Newsom reported, 1.6 million fewer Californians are living in poverty today than in 2011 just before identifying the victory as camouflage to the more significant issue of homelessness.
Newsom expressed during the speech how Californians pride themselves on an unwavering sense of compassion and justice for humankind. However, he then identifies how there’s nothing compassionate about allowing a fellow Californian to live on the street, huddled in cars or makeshift encampments.
“We will reduce street homelessness quickly and humanely through emergency actions,” - Gavin Newsom
Economists estimate Newsom will issue a tax increase to million-dollar earners. Currently, California income tax rates for million-dollar earners is 13.3 percent. Yet, the actual methodology to bring the project into the formation is unknown. Democratic Assemblyman David Chiu of San Francisco advocated a hard look at homelessness spending.
Newsom's administration proposed spending $750 million to move homeless people into shelters. Plus, $700 million to expand homeless services under Medi-Cal, the healthcare program for the impoverished.
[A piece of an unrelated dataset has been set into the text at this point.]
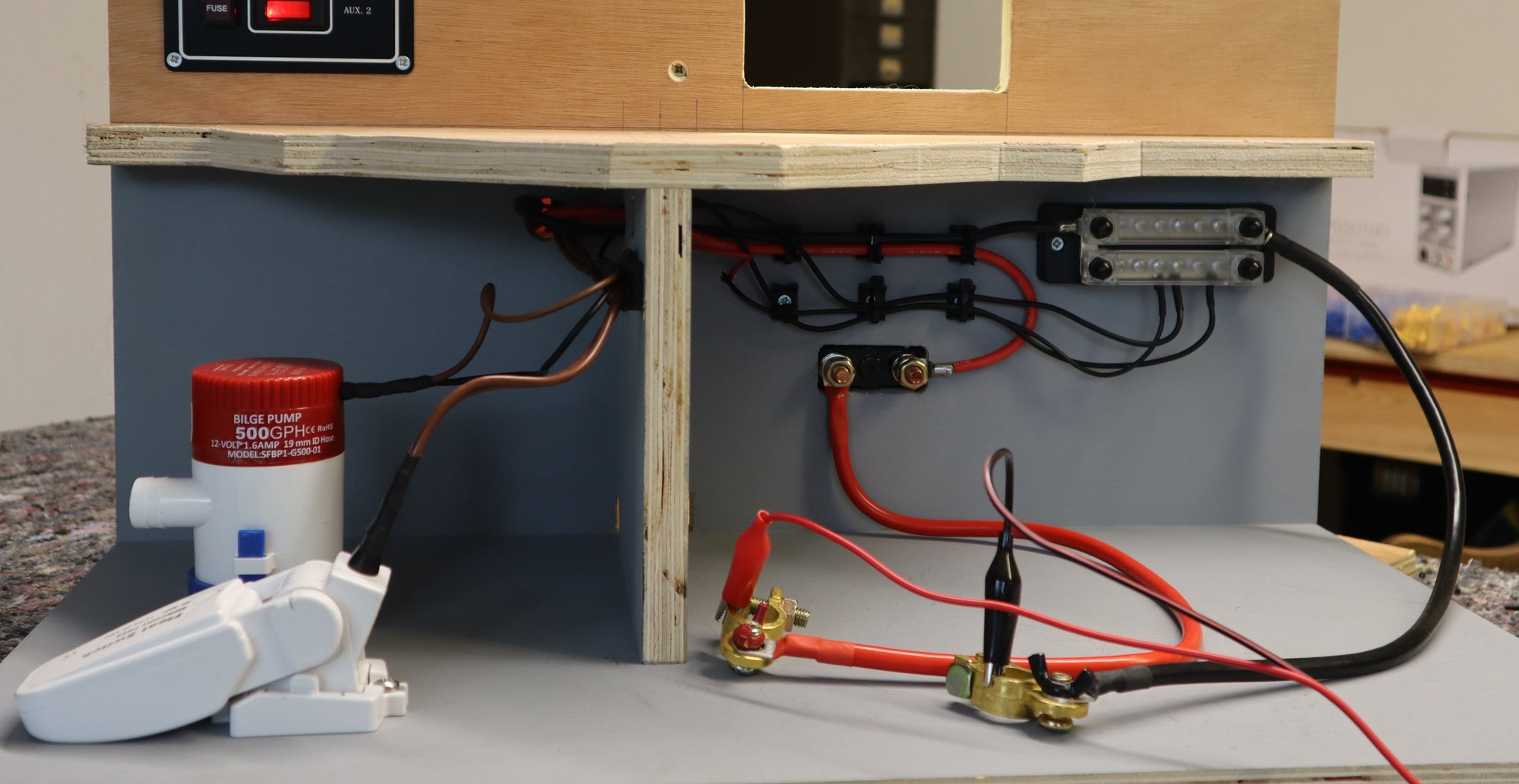 Boat electrics from scratch made easy! - Part 3. In this episode we install two electric bilge pumps into our boat electrical mock-up. Having already installed the busbar, master switch and main switch panel, we have most of the boat electrical infrastructure in place, so installing these bilge pumps does not take long.

The one billion four hundred fifty million dollars would be in addition to the $1 billion the state of California is currently allocating to homelessness.
“To reverse decades of neglect and turn around a crisis this deep-rooted, we’re also going to need more than one-time funding. We need significantly sustainable revenue." - Gavin Newsom
The funding source piqued interest from state Legislatures. Assemblyman Miguel Santiago (D-Los Angeles) aims to introduce legislation that would allocate $2 billion a year to fight homelessness. However, Santiago hasn’t identified the money source. Assembly Speaker Anthony Rendon (D-Lakewood) reported setting aside $7 billion for housing solutions in the coming years.
Homelessness is everyone’s problem, that may or may not become resolved with more money. Will California Governor and Legislature raise taxes on the middle class, or target the rich? What is California's plan for homelessness?